Problem surface
preface
At the beginning, I don't want to write this question, because I can't write a linked list (it seems that I haven't written it several times).
Finally, with the encouragement (oppression) of the coach, he made up for his knowledge about the linked list and barely passed the problem.
(after all, the linked list was used in csp D1T3 last year. You have to learn it anyway)
Problem solution
We may think of dp at the beginning, but the scope of this question \ (n \) obviously does not allow dp to pass (but some big guys beat it with two points of WQS and dp by%%%)
In fact, this is a wonderful greed.
Our normal greedy strategy is to choose the big one first.
But you will find that this strategy will be lost by Hack, and you can't even pass the example.
Since the normal greedy thinking is not good, let's have a greedy with repentance.
Because we have chosen a number, those adjacent to it will not be selected.
That is, when we choose a number, if and only if the sum of the left and right numbers is less than this number.
Then we can choose this number and set the value of this number as the difference between the sum of the left and right trees and this number.
If this difference is selected again, it means that we have to choose the number on the left and right sides of it and discard the number in the middle.
Therefore, we need to build a data structure to support the deletion of the left and right sides. The linked list is fully qualified for this job.
As I'm a beginner of linked list, I draw the wrong picture. Please forgive me, QAQ
We maintain a left and right pointer for each block to represent the numbers on its left and right sides.
Suppose we want to delete the elements on the left and right of number five.
We need to point the element to which the left pointer refers, that is, the right pointer of element 3 to element 5.
We then point the right pointer of his right pointer to the element, that is, the left pointer of element 7 to element 5.
Then the left pointer of element 5 points to three and the right pointer points to seven.

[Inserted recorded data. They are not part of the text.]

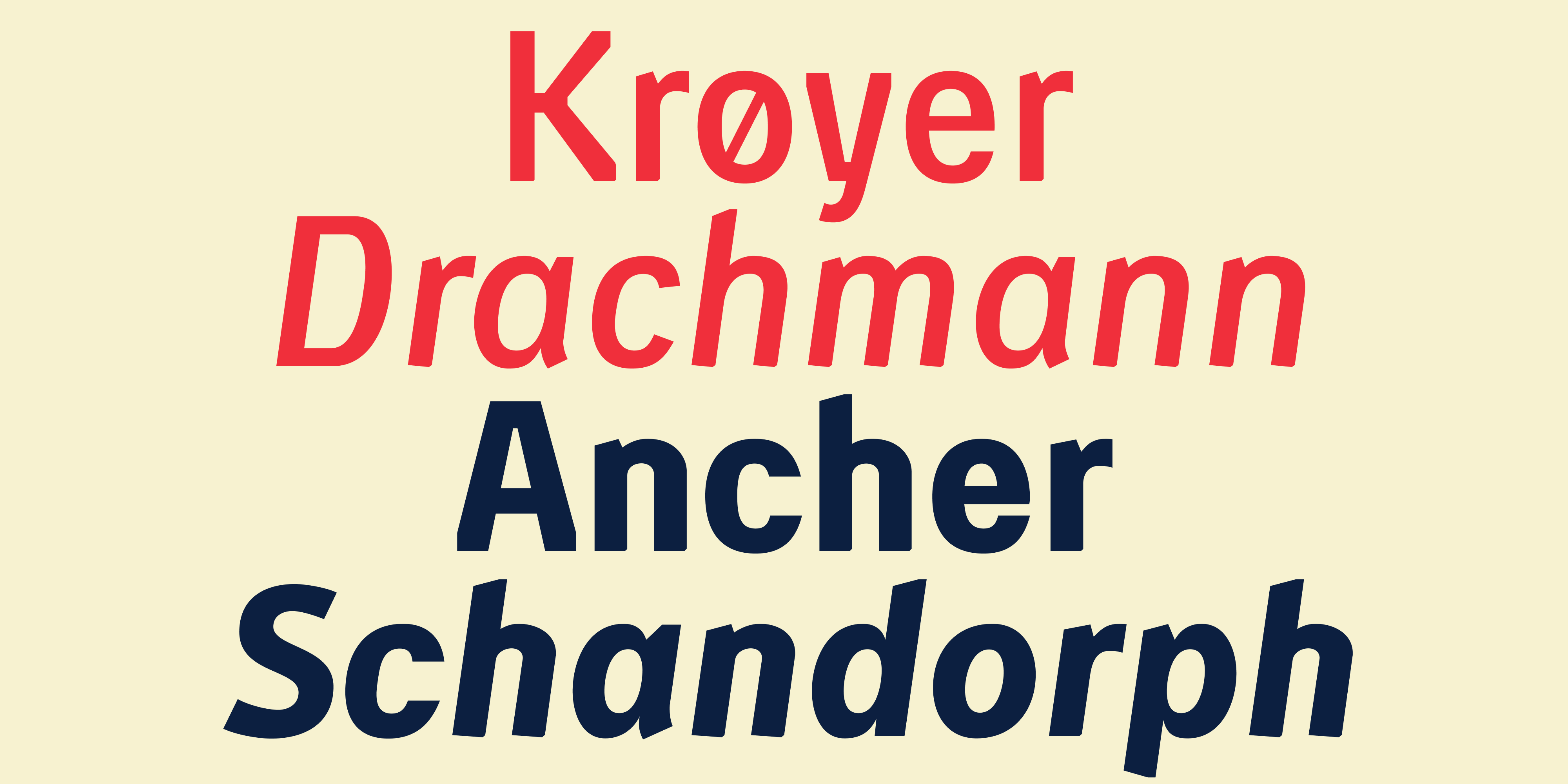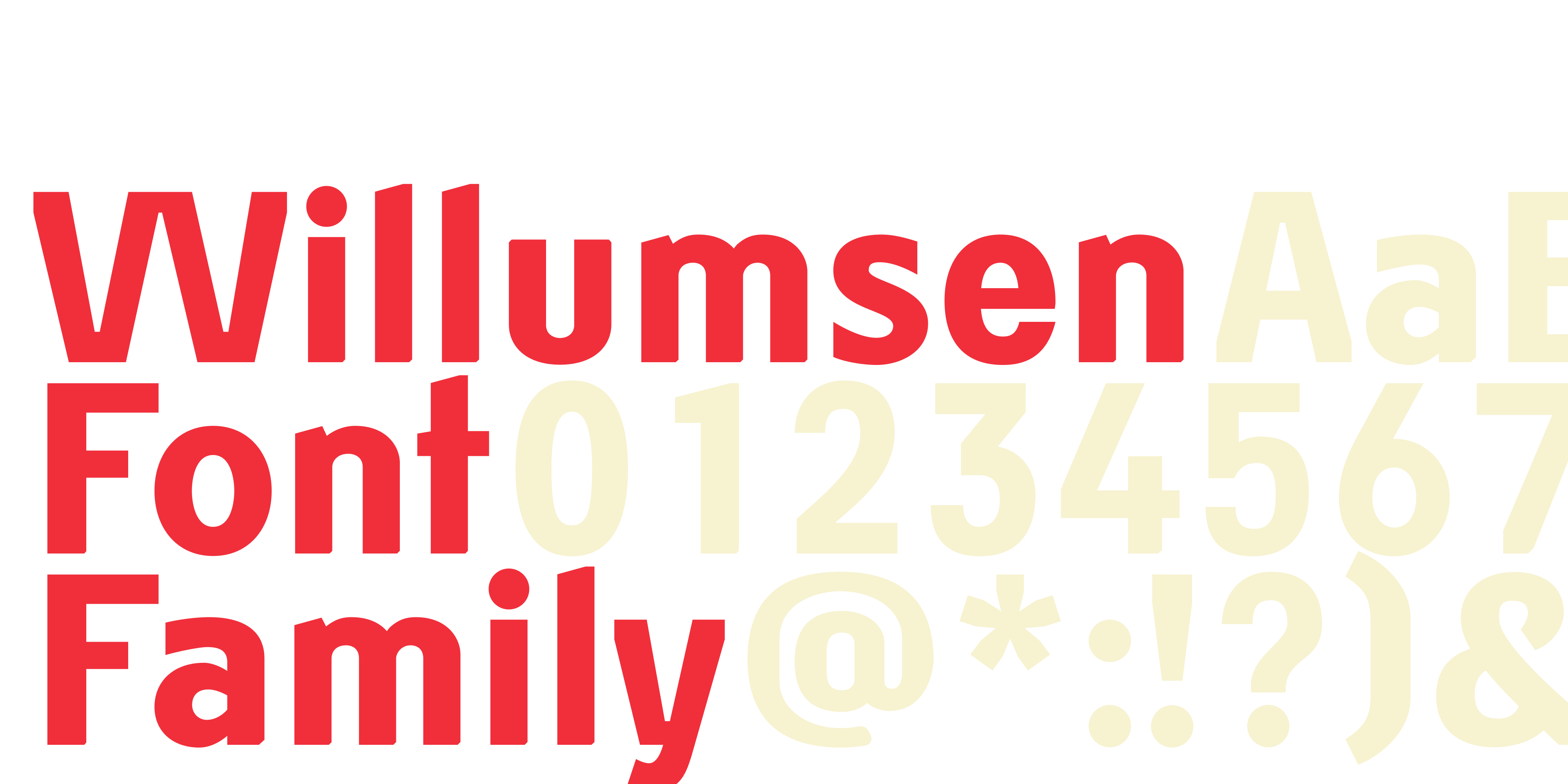 Willumsen is an easy and flowing typeface that absorbs details from the danish art and architecture style lead by pioneer J.F Willumsen in the beginning of the 20th century. Wavy and organic forms weave gently together with Danish type traditions of ink drops, introduced by Knud W. Engelhard, linking the typeface to the modern breakthrough in Danish art. The number of distinguishing details hidden in every character is an invitation to explore its many opportunities.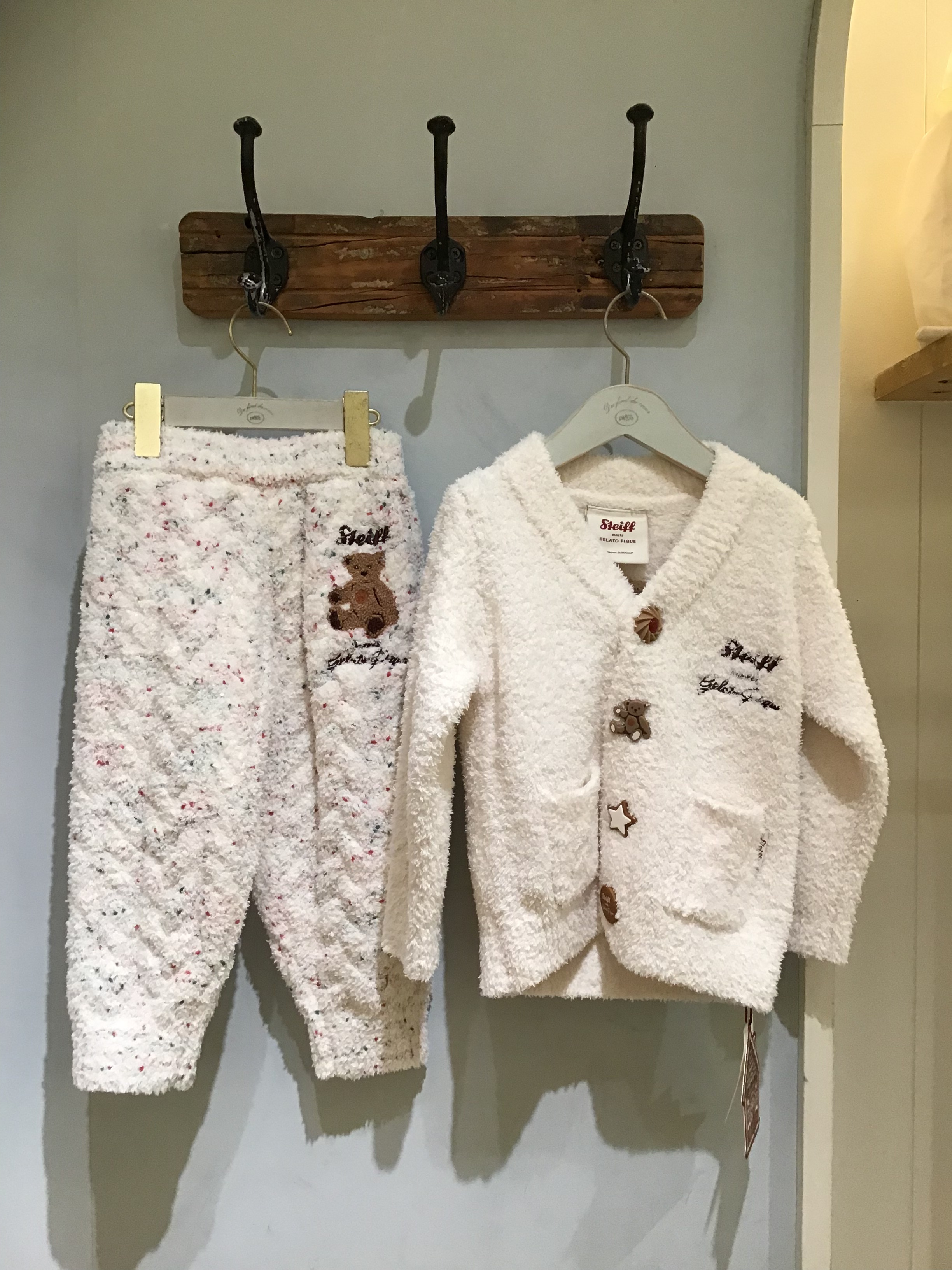 Steiff・『55PB』を描いたお菓子のボタン付きBABYポンチョとカーディガン&ロングパンツを紹介いたします🕴⭐︎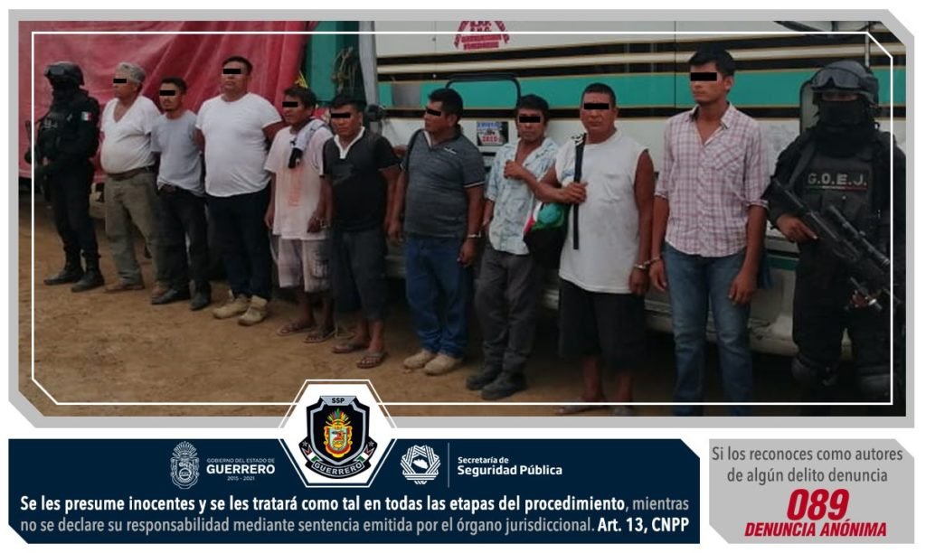 Elementos de la Policía Estatal y del Grupo de Operaciones Especiales “Jaguar” capturaron a nueve hombres cuando saqueaban una bodega de fertilizante en el municipio de Petatlán.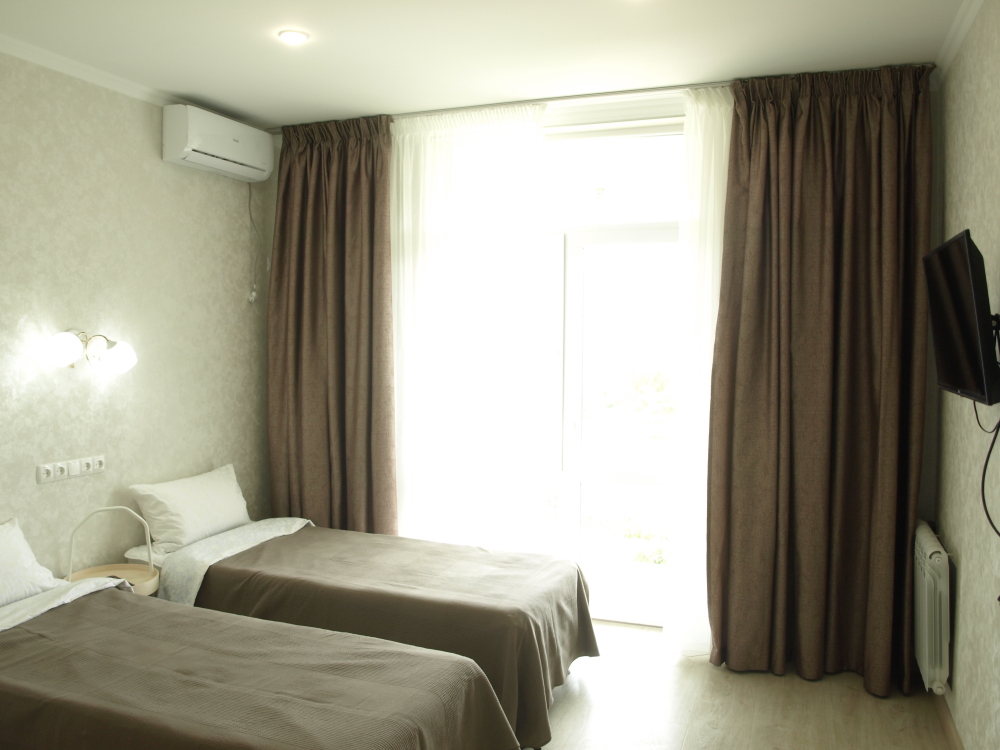 Отдельные 2-комнатные апартаменты класса «комфорт» на 2-5 чел. (2 спальни по 14 кв.м, кухня-холл 20 кв.м, санузел с душем, кондиционеры), в первой спальне кровать бокс спринг, во второй спальне кровать бокс спринг, в холле диван-кровать
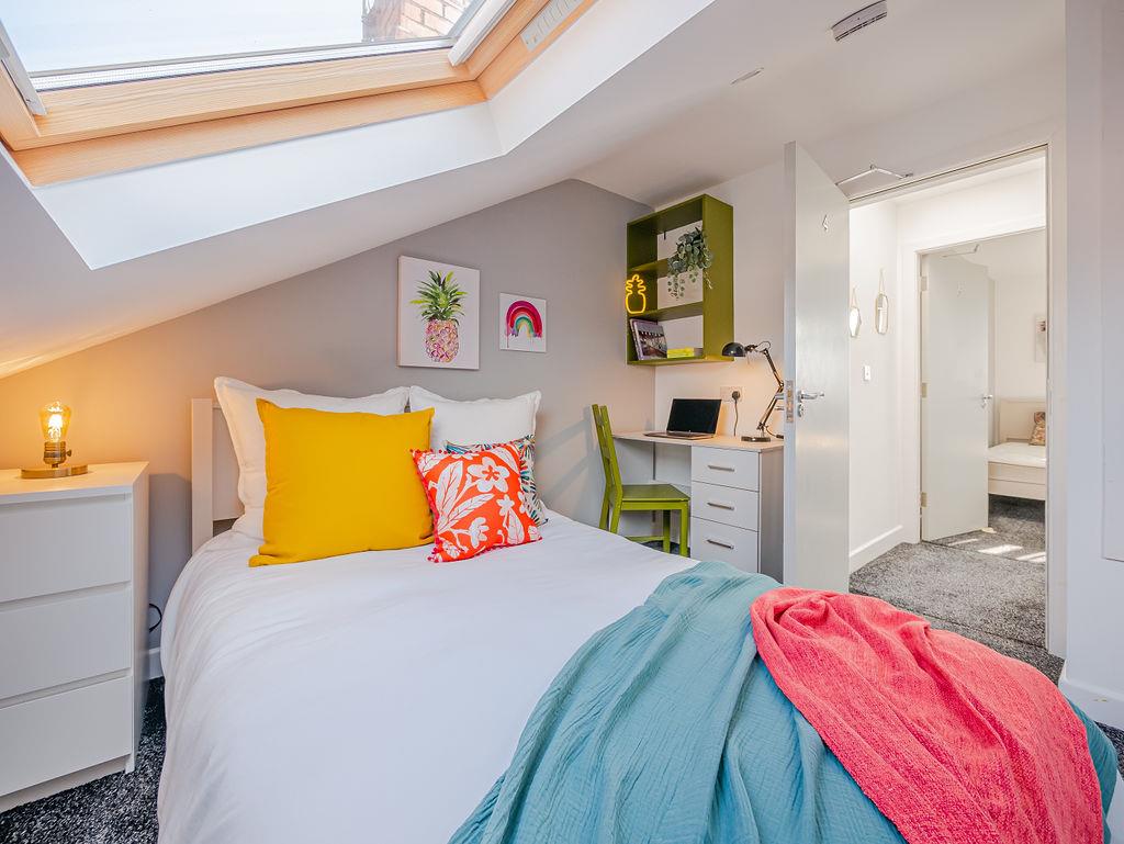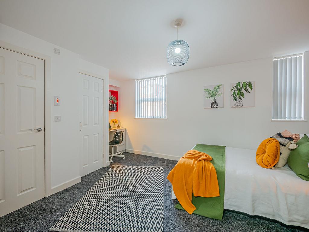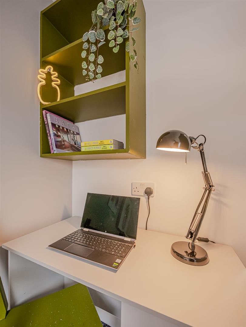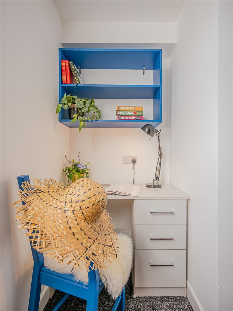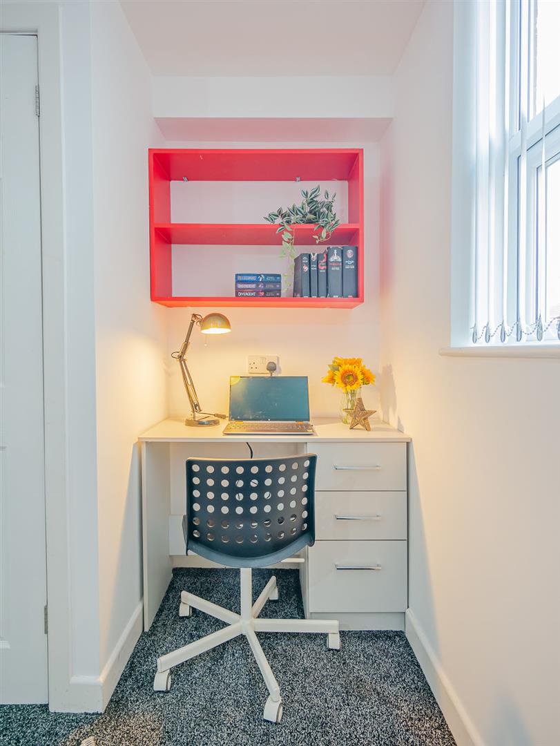 * The spacious double bedroom contains an en-suite shower room, double bed, wardrobe, and study area including a desk/chair & wall mounted TV
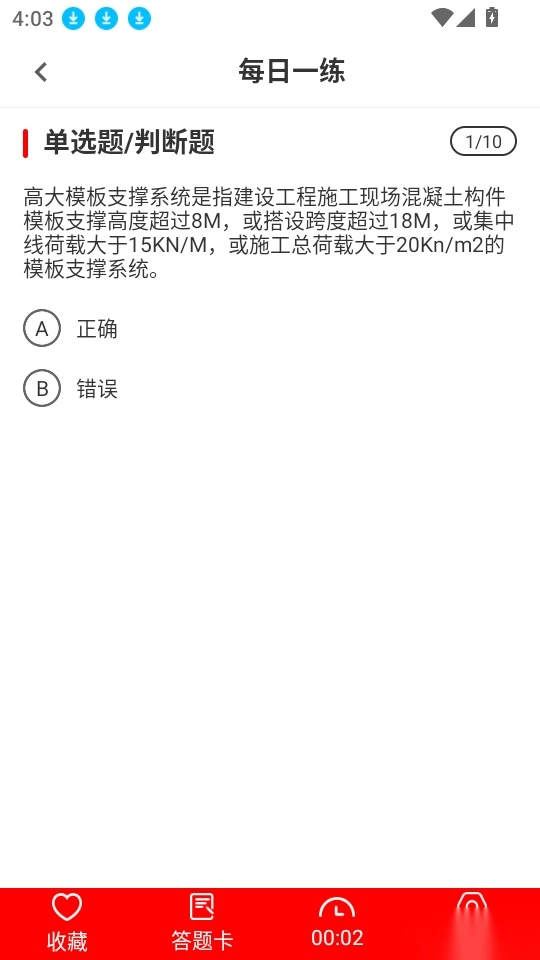 在软件首页的功能模块里,点击“每日一练”按钮,即可进入下一步操作。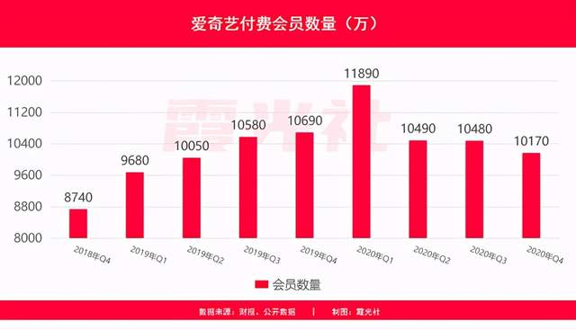 比如,在最新的财报中,一个值得关注点是——自2018年美股上市以来,爱奇艺的年度订阅会员数首次出现同比下滑,从2019年底的1.069亿下降至2020年底的1.017亿。

We have realized the deletion of the linked list.
The code is as follows:
int x = L[L[t]], y = R[R[t]];// x represents the element indicated by the left pointer of his left pointer, and y represents the element indicated by the right pointer of his right pointer R[x] = t; L[t] = x;//Point the left pointer of point t to X and the right pointer of point x to t L[y] = t; R[t] = y;//Point the left pointer of point t to y, and point the left pointer of point y to t
We can use linked lists and heaps to maintain this process.
The code is as follows:
#include<iostream>
#include<cstdio>
#include<algorithm>
#include<queue>
using namespace std;
int n,m,step,ans,a[200010],used[200010],L[200010],R[200010];
inline int read()
{
int s = 0,w = 1; char ch = getchar();
while(ch < '0' || ch > '9'){if(ch == '-') w = -1; ch = getchar();}
while(ch >= '0' && ch <= '9'){s = s * 10 + ch - '0'; ch = getchar();}
return s * w;
}
priority_queue<pair<int,int>,vector<pair<int,int> > >q;
int main()
{
n = read(); m = read();
if(m * 2 > n)//No solution
{
puts("Error!");
return 0;
}
for(int i = 1; i <= n; i++)
{
a[i] = read();
L[i] = i - 1;
R[i] = i + 1;
q.push(make_pair(a[i],i));//At first, put all the points into the big root pile
}
R[n] = 1; L[1] = n;
for(int i = 1; i <= m; i++)
{
int t = q.top().second; q.pop();
while(used[t])//If this number is deleted, you need to take a number out of the heap again
{
t = q.top().second;
q.pop();
}
ans += a[t];//Plus his contribution
a[t] = a[L[t]] + a[R[t]] - a[t];//Reset his weight
used[L[t]] = 1; used[R[t]] = 1; //Mark his left and right sides as deleted
int x = L[L[t]], y = R[R[t]];//Linked list deletion
R[x] = t; L[t] = x;
L[y] = t; R[t] = y;
q.push(make_pair(a[t],t));
// R[L[t]] = t; L[R[t]] = t;
}
printf("%d\n",ans);
return 0;
}
In fact, the linked list can be used. At that time, draw a picture on the examination room and it will come out.